**Activity:**
Your answer must be only the lines below from the one containing "Сумка наплечная женская" through the one containing "Ao clicar em", copied exactly, with the pictures left out.

[Records from a collection]
---------------

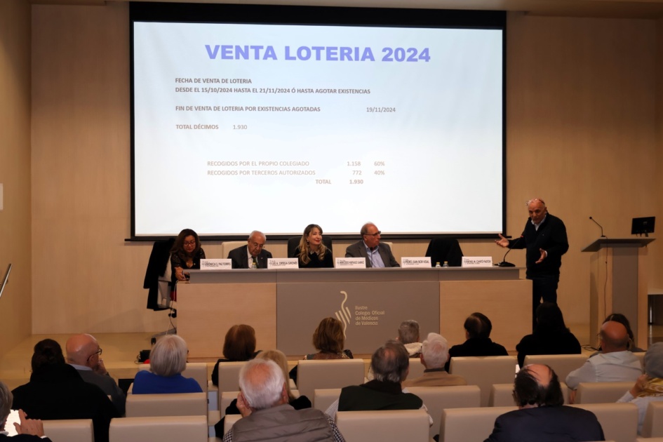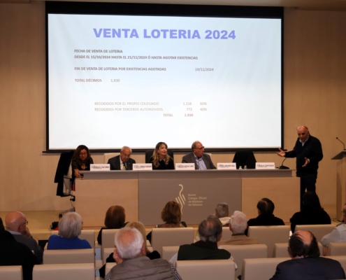 Por último, se informó también de cómo había funcionado el nuevo sistema de venta de Lotería de Navidad impulsado por la Junta de Gobierno, tras los incidentes de los últimos dos años, en los que las participaciones se agotaron en cuestión de horas. Se decidió que sólo se podría adquirir un décimo por colegiado en un primer periodo (de 15 de octubre a 21 de noviembre), hasta que se agotaran existencias. En caso de sobrar lotería, se abriría un segundo plazo de venta sin restricciones. Este segundo periodo no fue necesario, dado que los 1.930 décimos del número 62.690 se agotaron el 19 de noviembre. De ellos, el 60% fueron recogidos por el propio colegiado, y el 40% por personas autorizadas según las normas establecidas.
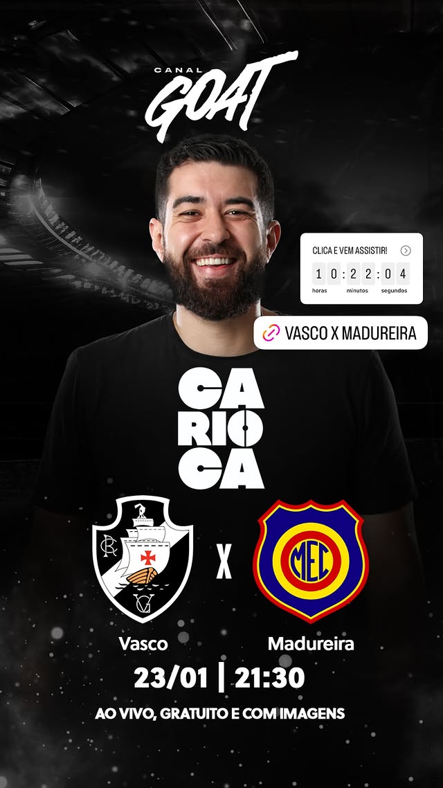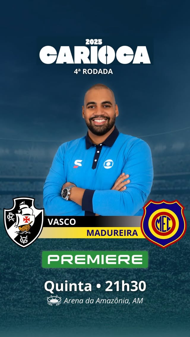 Confira os profissionais que trabalharão na transmissão de Vasco x Madureira na TV e no Youtube.
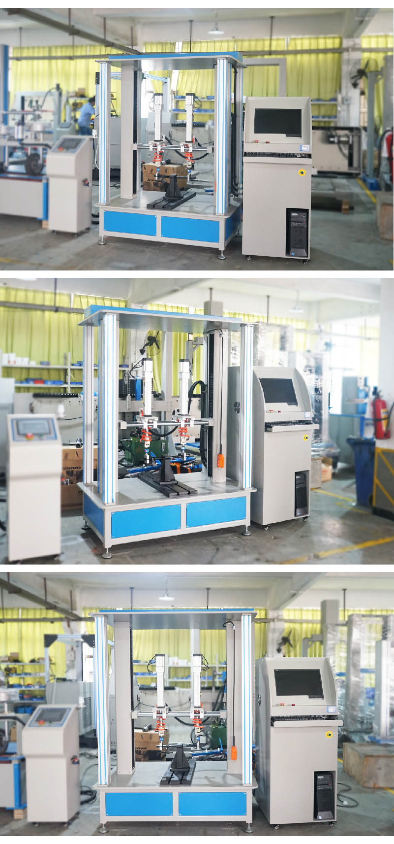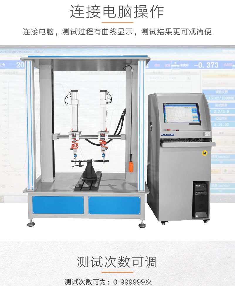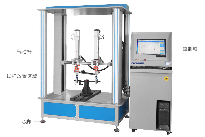 滑板車車把動(dòng)態疲勞試驗機HD-J247A-S模擬自行車在實際騎(qí)行過程中,在不同的路況下,車把組件會受到人手給予的(de)不同方向的力,尤其是在較顛簸路麵上(shàng)騎行時,受到的力就比較大和頻繁,因此車把(bǎ)組件的(de)質量好壞關係到整個車子的使用安全性和使用方(fāng)便快捷性。本試驗機是(shì)根據EN14764、EN14766和EN14781相(xiàng)關疲勞(láo)試驗相關標準設計,整個試驗係統通過計算機自動控製,力量(liàng)的施加係統(tǒng)采用力閉環控(kòng)製,當施加在車把上的試驗力達(dá)到(dào)設定的力(lì)量時自動返回換向。 設計標準:滿足ISO 4210-5-2014 (ISO標準) 4.9 一和二階段加載方式 試驗方法:試驗時將車把(bǎ)組件按照標準規定的方法固定在試驗機上,加載橫梁的高低位置可以通過手動調節來適應車把立管的大小;將車把立管(或假示把立管)固定在專用夾具上,調整加載氣缸的上下、左右位置,使加載夾具可以剛好裝配在(zài)把橫管上,固定好各個部分。在計算機上設定好試驗要求的試驗力值、次(cì)數(shù)。調整好允許車把的Z大變形量,超過此變形量後機台會自動停止(zhǐ)測試;啟動試驗程序開始測試,試驗達到設定次數或試件損壞(huài),機台(tái)自動停止(zhǐ)測試並保留試驗結果。 |
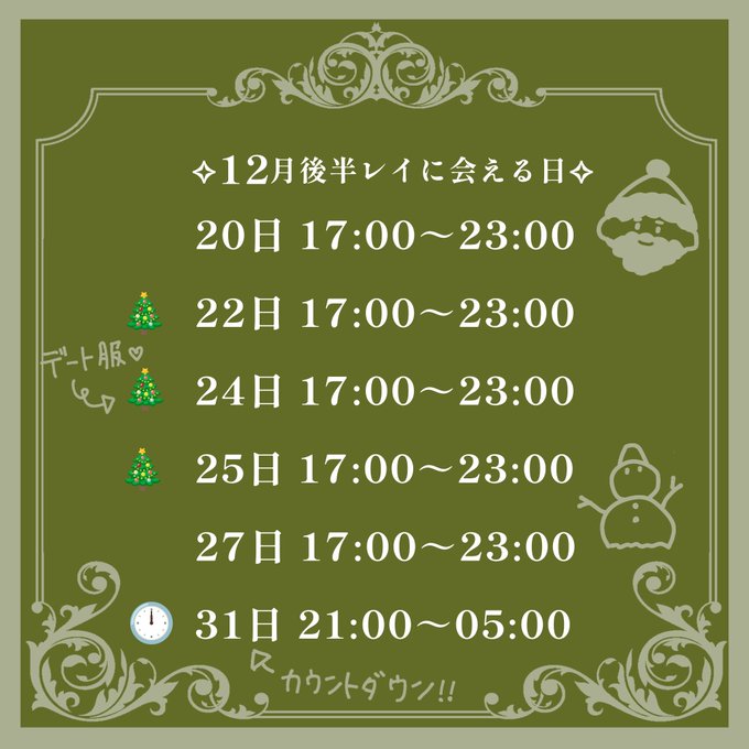 固定レイ🕸@ビジュラム札幌すすきの@bjlmspk_rei·✧︎12月後半入国予定✧︎ 22-25日 クリスマスイベ🎄(24日はなんとデート服だよ!) 31日 年末カウントダウン🕛 イベントたくさんで幸(>ᴗ
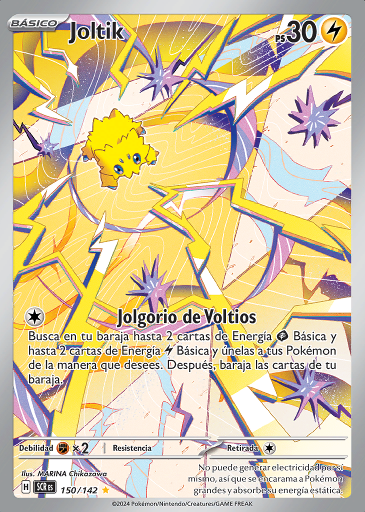 Jolgorio de Voltios Busca en tu baraja hasta 2 cartas de Energía Básica y hasta 2 cartas de Energía Básica y únelas a tus Pokémon de la manera que desees. Después, baraja las cartas de tu baraja. |
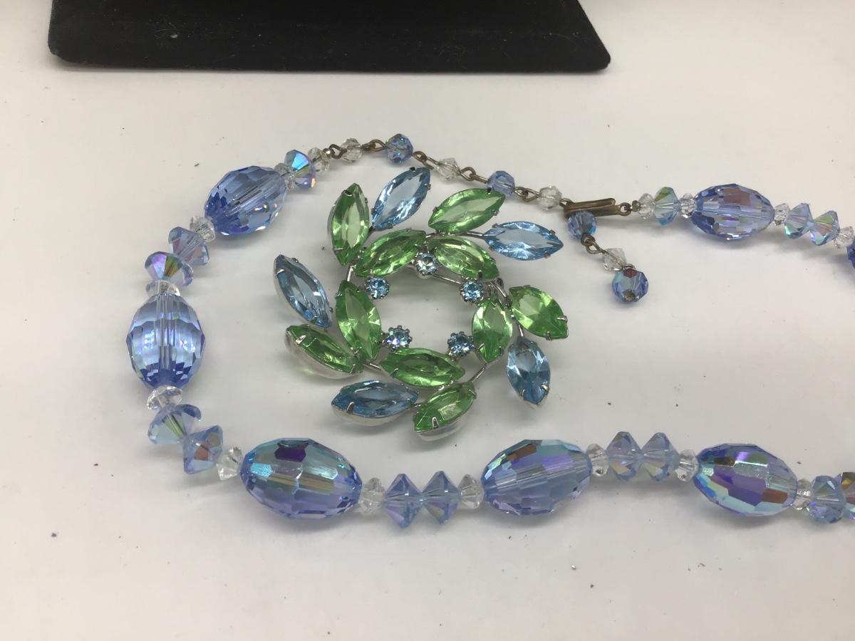 Blue Aurora Borealis Necklace and Beautiful Brooch
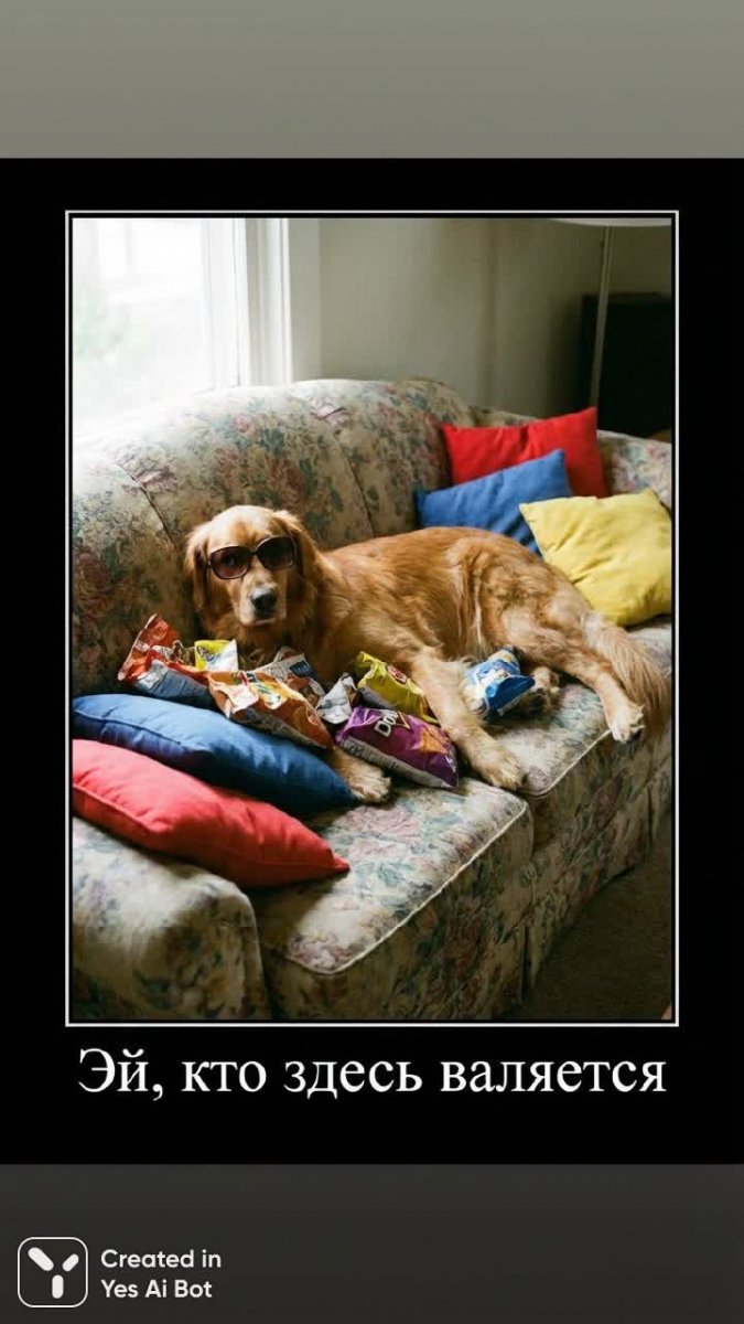 demotivator, photo on film, black frame, text in white letters on the black frame: "Эй, кто здесь валяется?", a lazy dog sprawled on a couch, wearing oversized sunglasses, surrounded by snack wrappers. Brightly colored cushions add a playful touch.
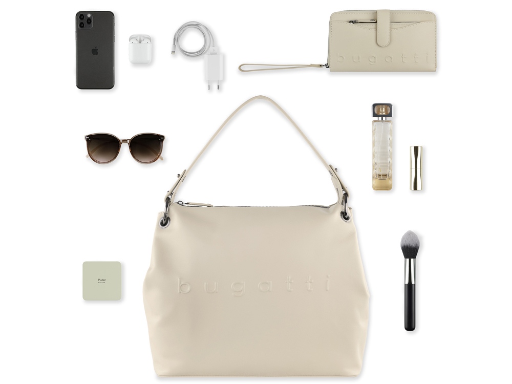 Сумка наплечная женская BUGATTI Daphne, бежевый цвет, воловья кожа/полиэстер, 34х13х30 см
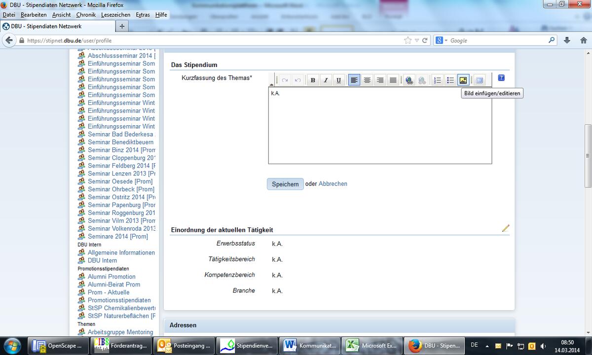 Von unserer Kommunikationsplattform gibt es wieder etwas Neues zu berichten. Nach ca. 1 1/2 Jahren Laufzeit nutzen nun 1.071 Stipendiatinnen und Stipendiaten sowohl aus dem Promotionsstipendienprogramm als auch dem MOE-Austauschstipendienprogramm das Portal! Damit sind 61 % aller DBU-Stipendiaten angemeldet.
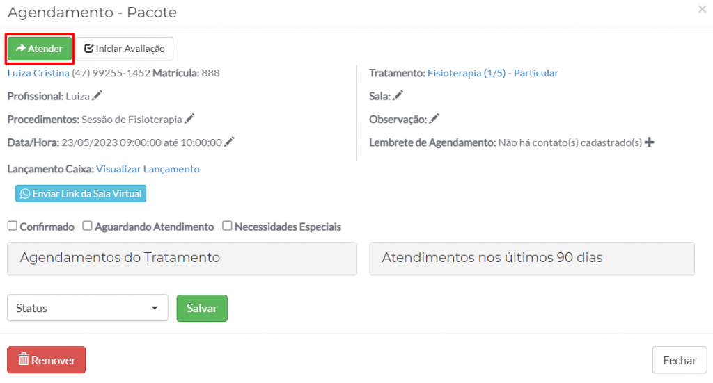 Ao clicar em cima do agendamento, o sistema abrirá a tela com as informações do tratamento do paciente. Para ir para o atendimento, o profissional deverá clicar em Atender:
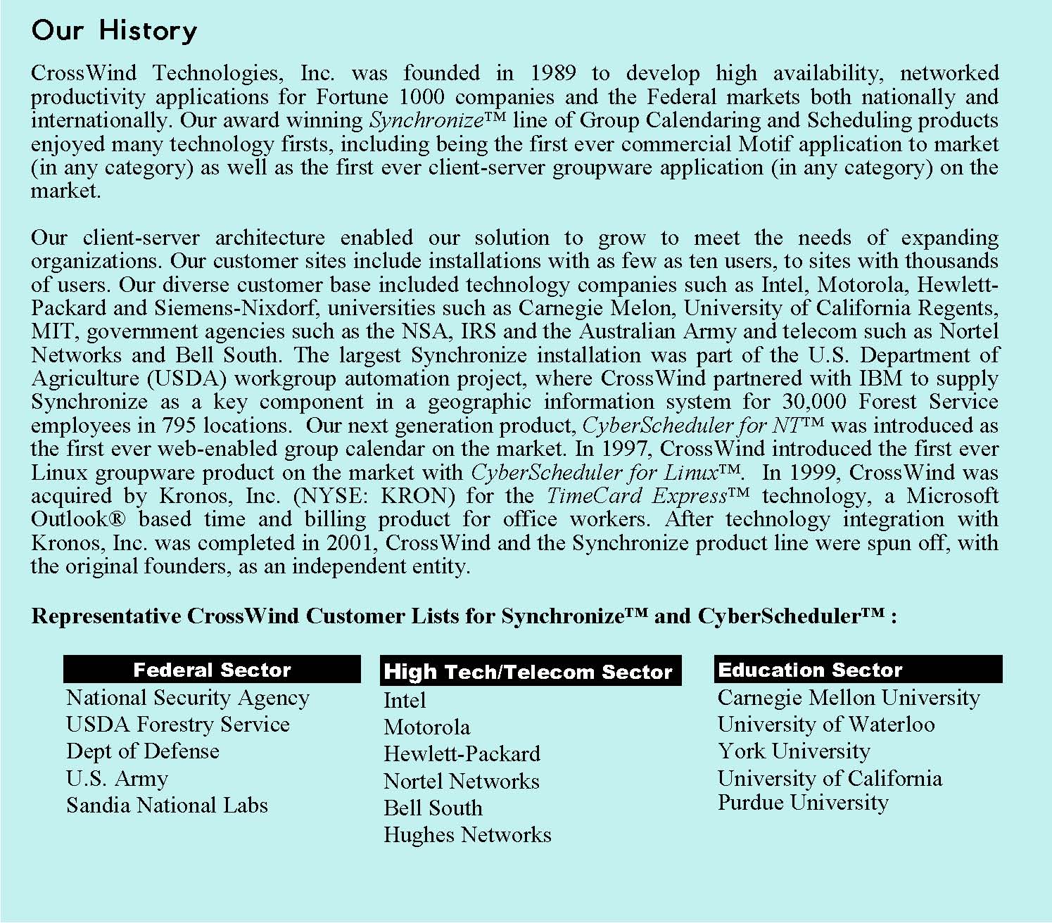 Since 2006, we have focused on the law enforcement market. Law enforcement agencies are currently facing a rapidly changing information landscape armed with decades-old software technology. Webelieve that our technology will provide a many-fold improvement on operations efficiency at half the price of current solutions. More importantly, it will provide law enforcement agencies the ability to stay ahead of the technology curve.
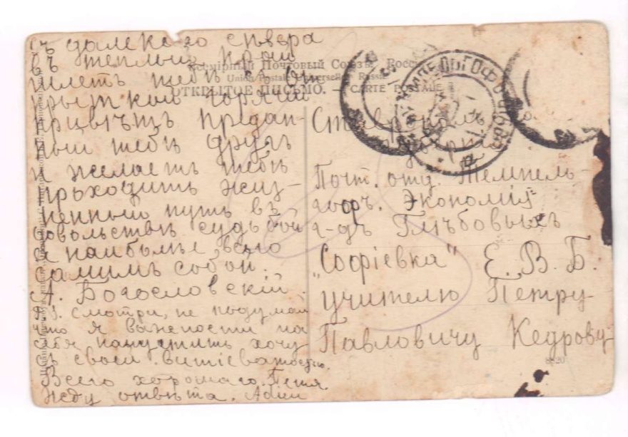 С далекого севера в теплый край шлет тебе с открыткой горячий привет преданный тебе друг и желает тебе проходить жизненный путь в довольстве судьбой и наиболее всего самим собой. А. Богословский. P.S. смотри, не подумай что я важности на себя напустить хочу со своей витиеватостью. Всего хорошего. Петя. Жду ответа. Adieu.
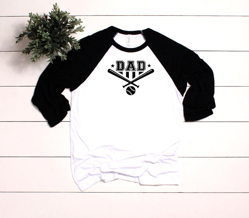 A black and white baseball dad raglan t-shirt with three-quarter length sleeves, a crew neck, and contrast trim. The shirt features a graphic that says 'DAD' with baseball bat and ball images.
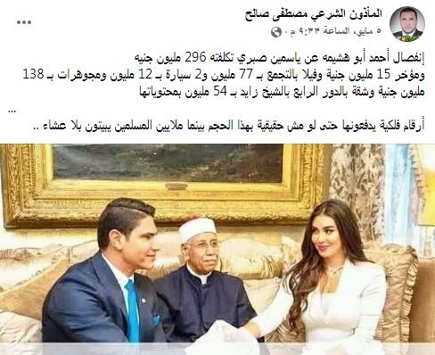 وقال المأذون الشرعي مصطقى صالح في منشوره على موقع “فيسبوك”: ” إنفصال أحمد أبو هشيمة عن ياسمين صبري تكلفته 296 مليون جنيه، ومؤخر 15 مليون جنيه، وفيلا بالتجمع بـ 77 مليون، و 2 سيارة بـ 12 مليون، ومجوهرات بـ 138 مليون جنيه، وشقة بالدور الرابع بالشيخ زايد بـ 54 مليون بمحتوياتها،
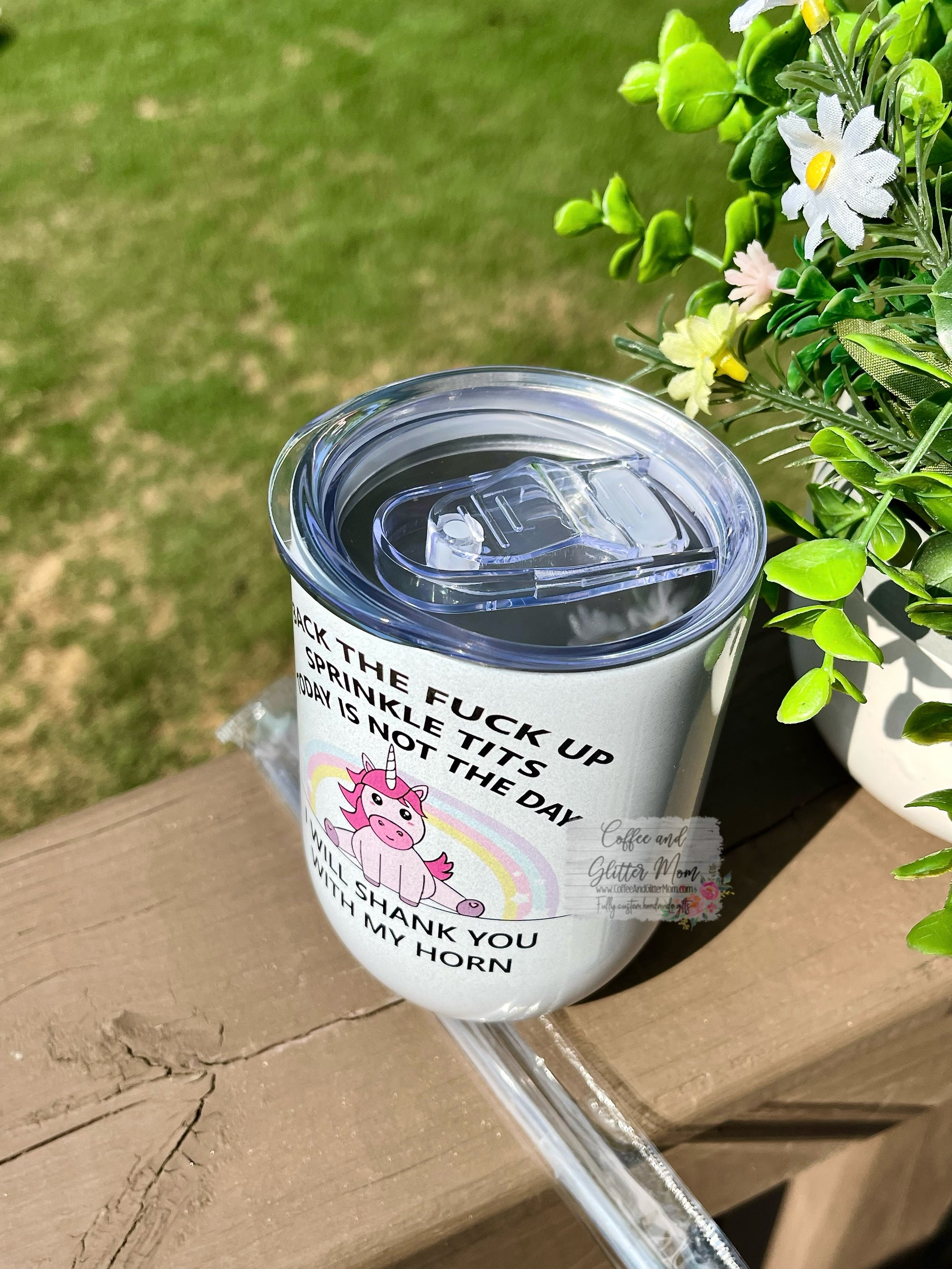 Let your tumbler do the talking! These 12oz wine tumblers come with a slide-closed lid and a straw. Keeps drinks hot or cold for up to 6 hours. This pops in a classy and fun way with a white holographic smooth glitter coating. The image is pressed into the tumbler, so no vinyl decals that can peel or come off! A reusable straw is included! *Made to order, not a ready to ship item. Approximate turn around time is 3-5 business days.

---------------

**Exercise output:**
 Сумка наплечная женская BUGATTI Daphne, бежевый цвет, воловья кожа/полиэстер, 34х13х30 см
 Von unserer Kommunikationsplattform gibt es wieder etwas Neues zu berichten. Nach ca. 1 1/2 Jahren Laufzeit nutzen nun 1.071 Stipendiatinnen und Stipendiaten sowohl aus dem Promotionsstipendienprogramm als auch dem MOE-Austauschstipendienprogramm das Portal! Damit sind 61 % aller DBU-Stipendiaten angemeldet.
 Ao clicar em cima do agendamento, o sistema abrirá a tela com as informações do tratamento do paciente. Para ir para o atendimento, o profissional deverá clicar em Atender:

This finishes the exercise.